Warming up for a physical activity is necessary and will aid in performance and reduce risk of injury.
Your warmup should accomplish the following things.
- Allow you to practice the movement pattern(s) and skills corresponding to the task you are about to undertake.
- Increase the heart rate to increase blood flow and body temperature.
- Be of incrementally increasing intensity building up to the maximum intensity needed to perform the activity in question.
- Allow these the previous goals to accomplished in a timely manner. Aim for 5-8 minutes, this may become longer as you become more experienced, thus your working weights being heavier.
Your warmup does NOT need to be the following.
- 20 minutes mobility or “prehab” drills.
- Of such a high volume that you are unable to perform your workout.
- Take your heart rate to above 90% of its maximum.
These things are either a waste of time or will detract from your ability to lift more weight than you did last time. Neither are desirable outcomes.
So here are some general rules for warming up for lifting.
- Start as light as you can
- For The Squat, this might be the empty bar, an air squat or even 1an assisted squat.
- For The Bench Press and The Press, this will be the empty bar for most people, use a lighter aluminium bar if you work sets are less than 30kg/65lbs.
- For The Deadlift, the empty bar for some “floating” deadlifts, then start to go up in weight.
- The sets and reps could be as follows.
- 2-3 sets of 5-10 reps with “empty bar”.
- 1×5 @ 30-50% of your working weight
- 1×5 @ 65%
- 1×3 @ 80%
- 1×2 @ 90-95%
- Then do your works sets, or top set and back offs.
- So, if you are squatting 120kg for 3×5 your warmups might look like this;
- Empty bar, 2×5
- 60kg, 1×5
- 80kg, 1×5
- 100kg, 1×3
- 110kg, 1×2
- 2-3 minutes rest, then do your work sets.
For beginners warm up sets should be done with as little rest as possible. With just enough time to change the weight on the bar then continue. As you get stronger and more experienced your warmup sets will get heavier, and you may need to take slightly more time between sets as you increase the weight on the bar. You also may need more warmup sets as you get stronger.
Learn your body.
If you are reading this article, you are most likely a beginner lifter. So, take the above advice as it is intended, as a guide to get your started. But we are each individuals, so adapt it to yourself. Just do not let your warmup drift so far from the above protocol that it is taking any more than 15 minutes. If you have specific mobility or strength deficiencies that need to be address, I suggest that you book a consultation (see the button below) with either myself or a coach near you to get those remedied as quickly as possible and you can get on with productive training.
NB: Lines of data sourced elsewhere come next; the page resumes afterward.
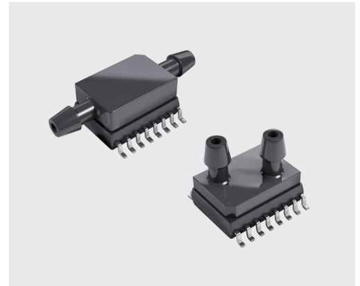
SMI Low Pressure Digital/Analog Sensor

For years, piezoresistive sensor technology has been perceived as the low-risk option for HVAC applications. Air handling systems are dusty places and piezoresistive sensors do not have a flow channel, so dust will not hinder its performance. The technology has high sensitivity and is suitable for applications requiring a measurement range of 1 millibar (0.5 inches of water column) to 10 bar. Piezoresistive sensors have high linear signal-pressure characteristics and excellent overall accuracy, and they come in very small sizes for compact applications.
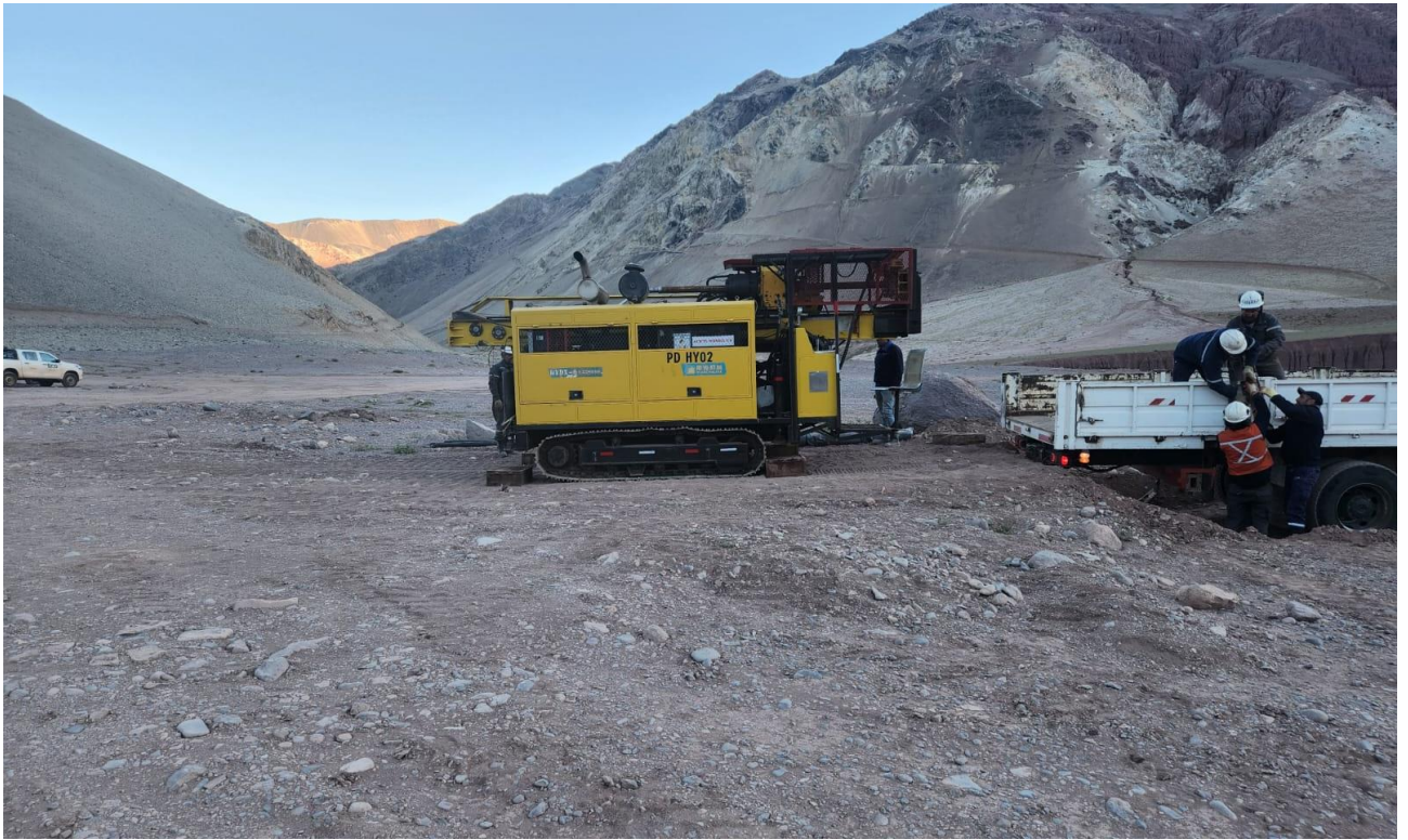
Figure 3 - Arrival of the first of Conosur's drill rigs at the TMT project.
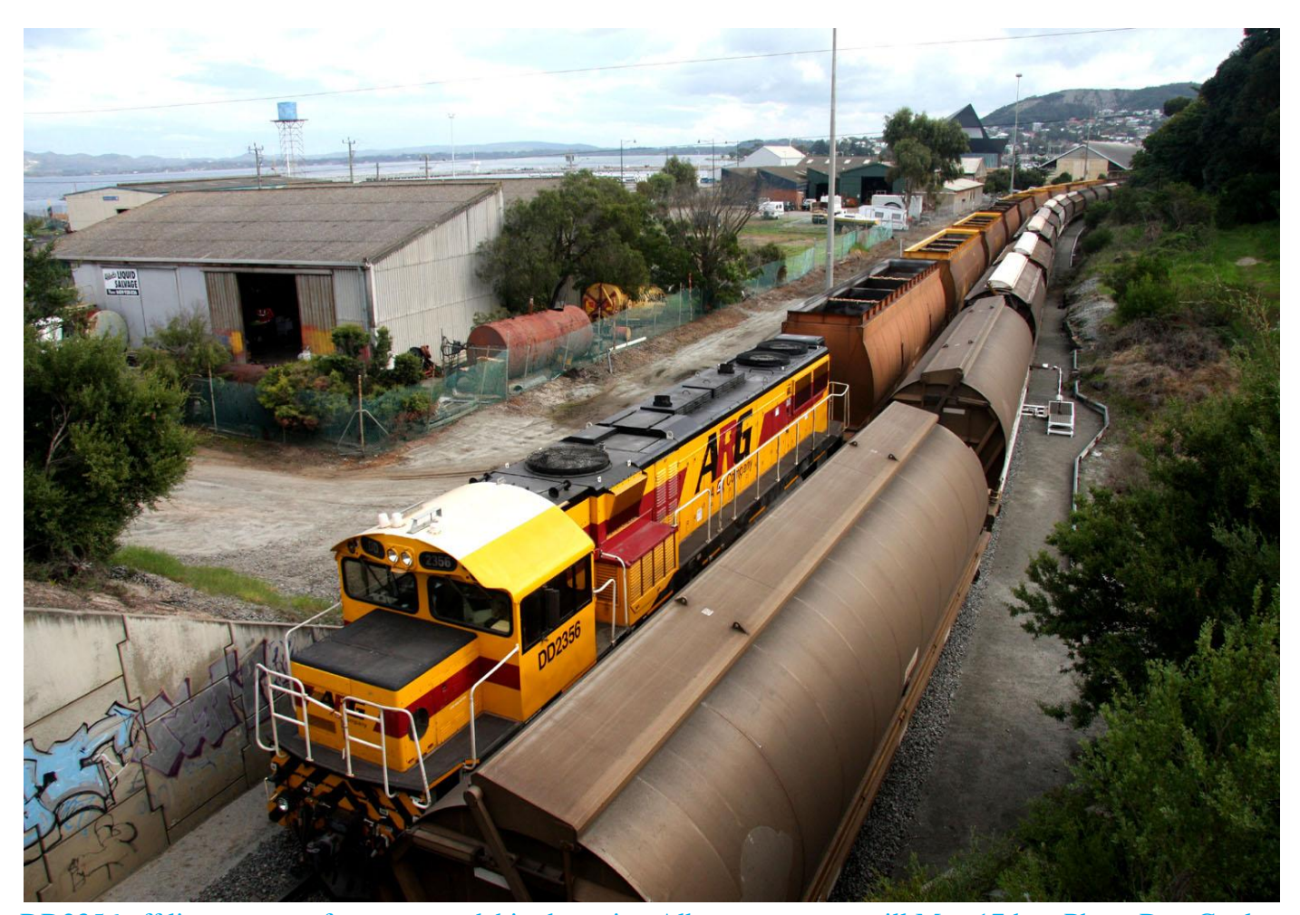
DD2356 off line on rear of empty woodchip departing Albany on run to mill May 17th.
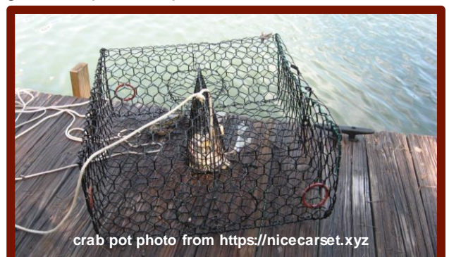
crab pot photo from https://nicecarset.xyz

To get crabs out of each pot, Dad pulled up and rested the pot on the side of his boat, unhooked a latch on one side of the top, turned it upside down and shook the crabs into a wooden fish box. He then refreshed the bait and reset the pot. Then he returned the next evening to do it all again.
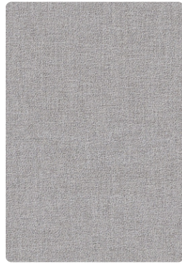
Pebble Beach Aluminum 165-026
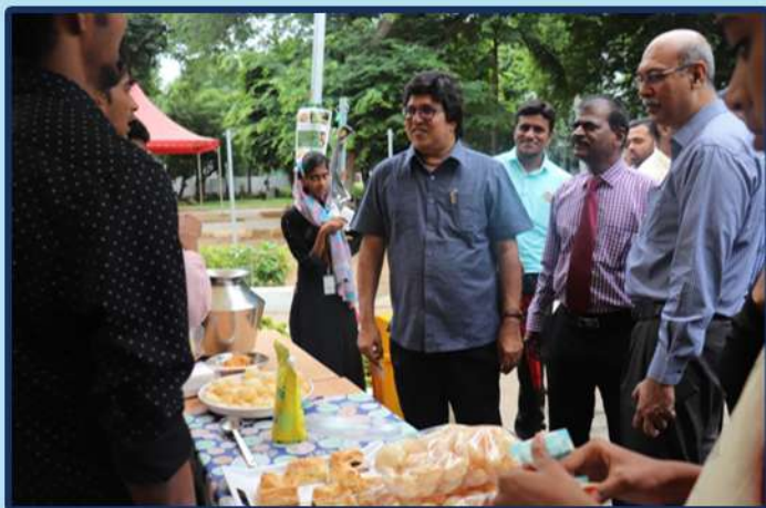
ED Cell Bazaar
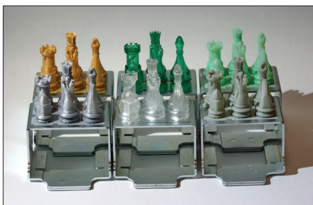
Six materials for 3D printing. New material choices are contributing to the growth of additive manufacturing.

Checking the size and shape of those internal cavities frustrates legacy QC methods so a new generation of metrology is needed. Another QC conundrum is process control. Less is known about how varia-
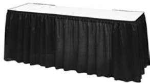
Skirted Table - 30" High 4ft., 6ft., 8ft.
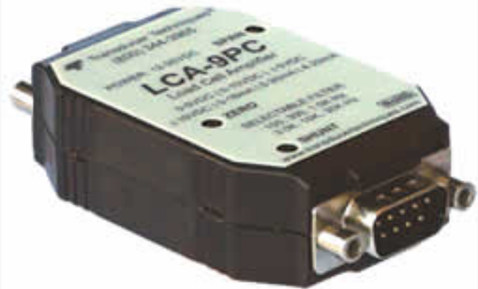
LCA-9PC Module - Load Cell Amplifier Signal Conditioner
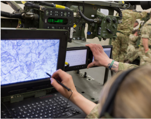
Communications Simulator (ComSim)
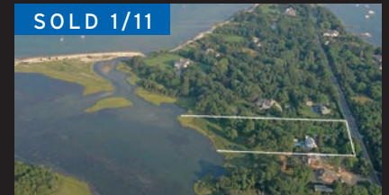
Sag Harbor. $7.9M*
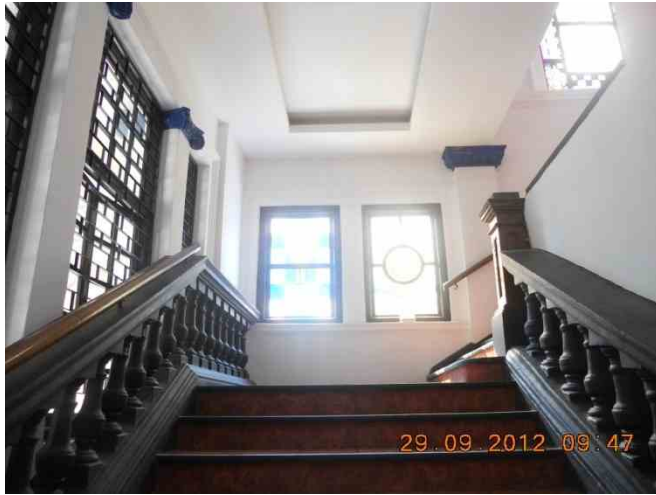
Staircase to 2 nd STY completed with fire rated ceiling
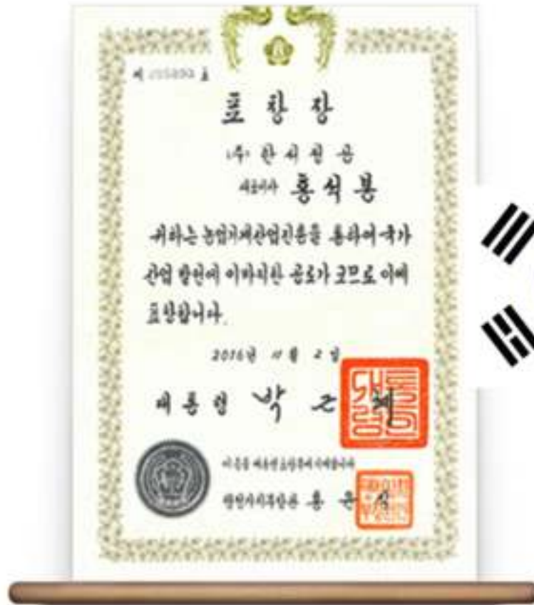
2016 Korea President Award for contributing greatly to national industrial development with Agricultural machinery
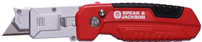
Blade shown as trimming knife
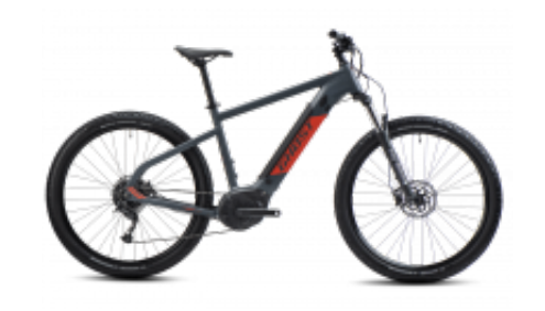
KATO + 0.00.-
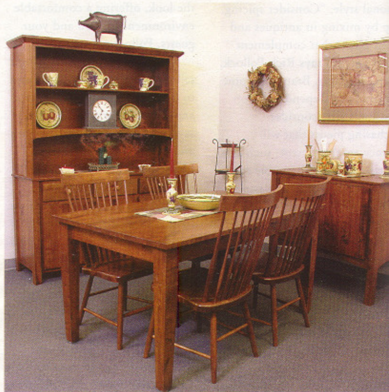
A dining set in the country farm style offered by All American Home.

With the center of gravity in the middle of the table, consumers will find more flex when pushing down on a table's corners, Kull explains. On quality double-pedestal tables, this flex isn't anything to worry about. The table won't break or tip over. However, smaller single-pedestal tables can be prone to tipping if pressed hard enough.
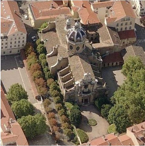
Eglise St-Bruno des Chartreux, constructed 1584 Baroque façade constructed 1871 Lyon

The façade of this monastery is considered to be a masterpiece of Baroque. It consists of three receding levels; a porch bordered with Ionic columns and Doric pilasters, a curvilinear balcony and a niche containing the statue of Saint Bruno. I am interested in studying how the foliage breaks down the scale of the building to the surrounding plaza, creating a more human scale so that the building maintains a presence but is still approachable.
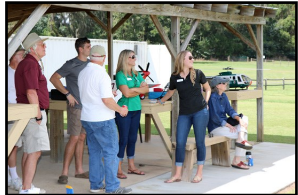
Enjoying the flying action
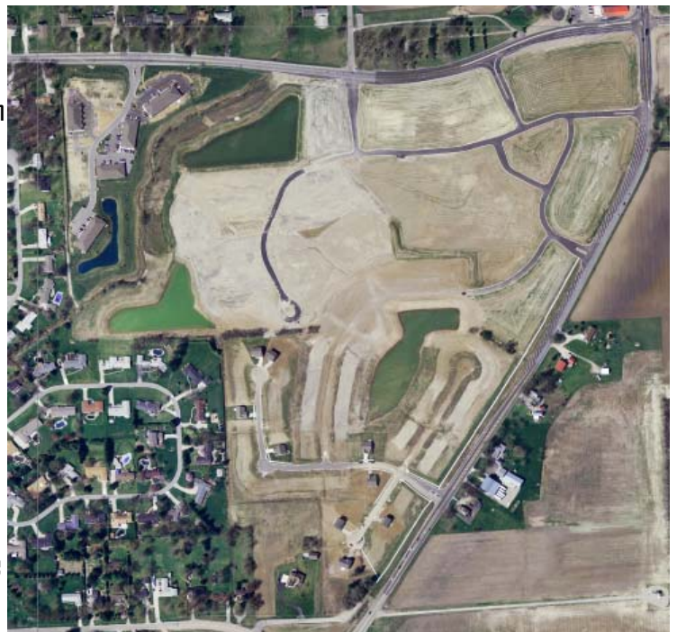
Stellhorn and Brickshire-Offices, Commercial, Retail, and Residential
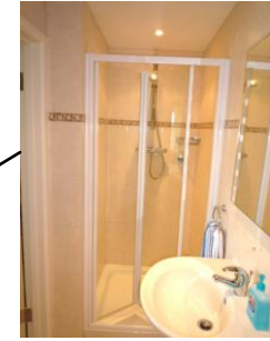
En suite bathroom (shower)
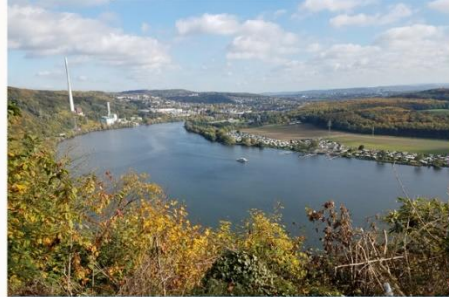
Der Ruhr, Herdecke, Germany
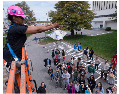
Students from across the Peninsula gathered at Newport News Shipbuilding for Career Pathways' Egg Drop Competition.

"It was awe inspiring. The students had logical thoughts defining career readiness
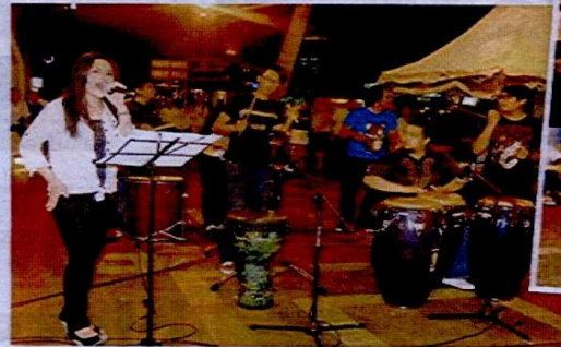
Betting it out: A band in session with a lively performance.

Weekly event at Central Market showcases traditional music
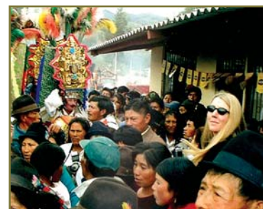
Corpus Christi celebration in Pujili, Ecuador

As many of you already know, I will be leaving St. Thomas in the spring to take a position at the College of William and Mary. This is a bittersweet decision, since it means that I will leave all of the people here who I have come to consider family. It has been a pleasure and a privilege to have worked with each of you over the years – I can’t imagine a more collegial, dedicated, professional, and genuinely fun group of faculty, staff, and students than all of you! I will miss you.
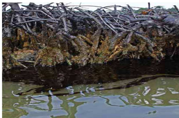
Fig. 1: Mangrove roots heavily coated with a thick layer of bituminous substance in Bonny, South-South, Nigeria

Different levels of heavy metal concentrations have been reported in Nigerian water bodies by several workers. Obire et al. (2003) on Elechi creek, Omoigberale and Ogbeibu (2005) on Osse River, Southern Nigeria. Ogbeibu and Victor (1989) amongst other Nigerian or indigenous scholars have advocated the use of fish and invertebrates as bio-indicators of water quality. A considerable amount of studies has been carried out on the effects of pollution in Nigerian water bodies. Victor and Tetteh (1988) reported a reduction in fish diversity associated with discharge of municipal wastes and industrial pollutants into the Ikpoba River, while Fufeyin (1998) studied heavy metal concentration in some dominant fish in the river and reported that the fish species showed higher mean levels, with variable contamination factor and bioaccumulation quotient among stations. However, the UNDP Report (2011) documented that the concentrations of PAHs in biota were low in all samples in Ogoniland. In fresh fish and seafood, concentrations were below the detection limit for most of the different PAHs. In a few cases, measurable but low levels were found. This investigation showed that the accumulation of hydrocarbons in fish tissue is not a serious health risk in Ogoniland.
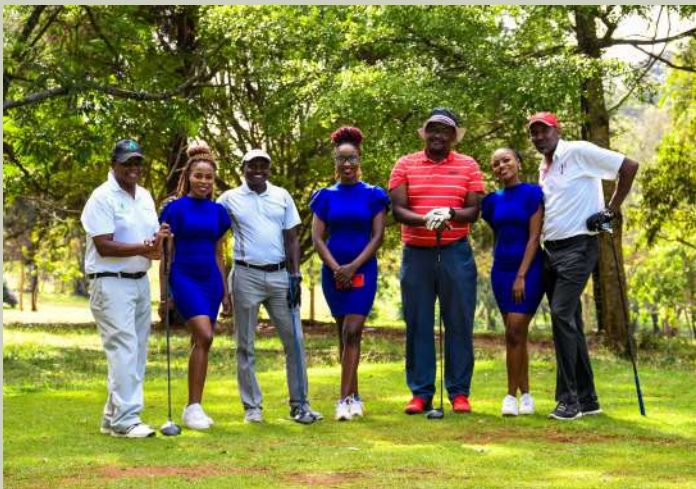
The ladies made sure members had a good experience on the course with their beautiful smiles.
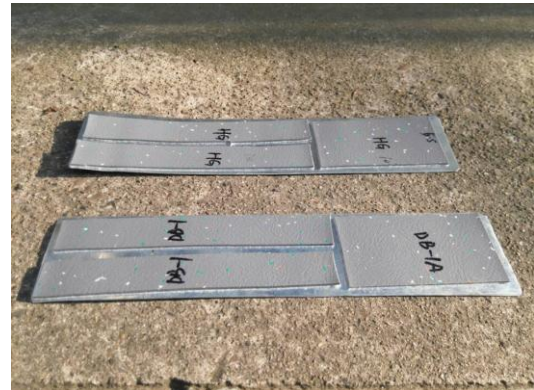
Application for PVC floor bonding

Notes: The information contained on above data sheet is, to the best of our current knowledge, true and accurate. However, since the conditions of use are beyond our control, all recommendations or suggestions are presented without guarantee or responsibility on our part. We disclaim all liabilities in connection with the use of information contained herein or otherwise. All risks of such nature are assumed by the user.
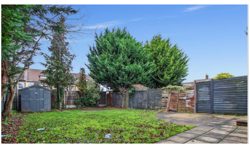
BEACONSFIELD ROAD BEXLEY KENT DA5 2AE £399,995 | Freehold
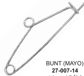
BUNT (MAYO) 27-007-14 14 cm / 5 1/2"
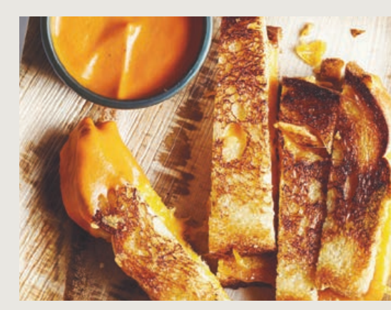
Recipes by Bon Appétit.

2. Heat a dry skillet, preferably cast-iron, over medium heat. Dividing evenly, spread room-temperature butter over bread slices. Top unbuttered side of 8 slices with cheddar, dividing evenly. Top with remaining bread, buttered side up, and cook, turning once, until bread is golden brown and cheese is melted, about 3 minutes per side. Cut sandwiches into soldiers and serve alongside hot soup for dipping.
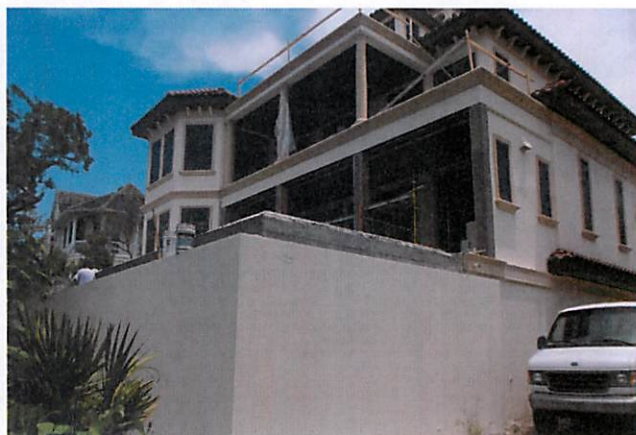
REAR VIEW 6-24-14
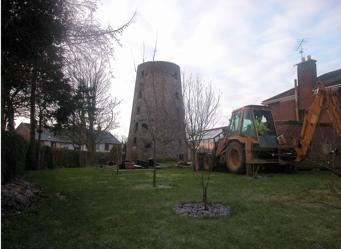
Plate 1: Application site with windmill stump, looking south-west.
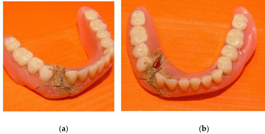
Figure 1. Prosthesis repaired by the patient: (a) lateral view; (b) frontal view.

the impression with the polysulfide, to perform the repair and reline both the lower and upper prostheses, as shown in Figure 3. The last phase, the delivery of the two prostheses and occlusal check, was performed on the same day, as shown in Figure 4.
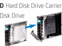
D Hard Disk Drive Carrier

If you have some accumulated injuries that need a little bit more attention during your warmup, then experiment and see what the most efficient way is to warm them up. If you have tight shoulders and find back squatting uncomfortable you may need to high bar squat until you are able to spend time gaining the shoulder mobility to get the bar properly secured to squat in a low bar position. And just so you know, the best exercise for gaining mobility to squat is the squat itself. And you can find the “Horn Stretch” video here.
Most people do not have severe enough “mobility” issues that require any more than a couple of months to resolve if they can be resolved at all. There may be some circumstances that require a permanent work around.
If you are a trainee with severe kyphosis (rounding of the upper back) you may require the use of a Safety Bar to squat. Or if you have extreme levels of adiposity around the waist (big belly) you may struggle to get into position for the Deadlift, so the use of rack pulls, or block pulls, would be appropriate for you. Alternative arrangements do sometimes need to be made; I may draft an article on that at some point.
How to warm up in warm or cold temperatures.
In a warm environment you may need fewer warm up sets, in a cold environment you may need significantly more.
For warm weather make sure you are well hydrated as you will be losing fluids through general perspiration. When you are working out this will increase by a significant amount. Make sure you consider that sweat is more than just water and you get a reliable source of electrolytes in your diet or through a supplement.
For wintry weather, especially if you are working out in a garage gym that is not insulated or heated, make sure you start off with plenty of layers on, so that you can take some off as you warm up. A cotton hooded jumper and a pair of sweatpants/joggers on top, with a t shirt and shorts on underneath is good place to start. Make sure that they are loose enough to move well in, but so loose they get in the way.
Also, several thin layers are better than one large layer. You can adjust how much you need as you get warmer through your workout. Just remember to dress appropriately, and everything should go fine. And if you work out in an air-conditioned gym with water fountains and showers well, aren’t you lucky.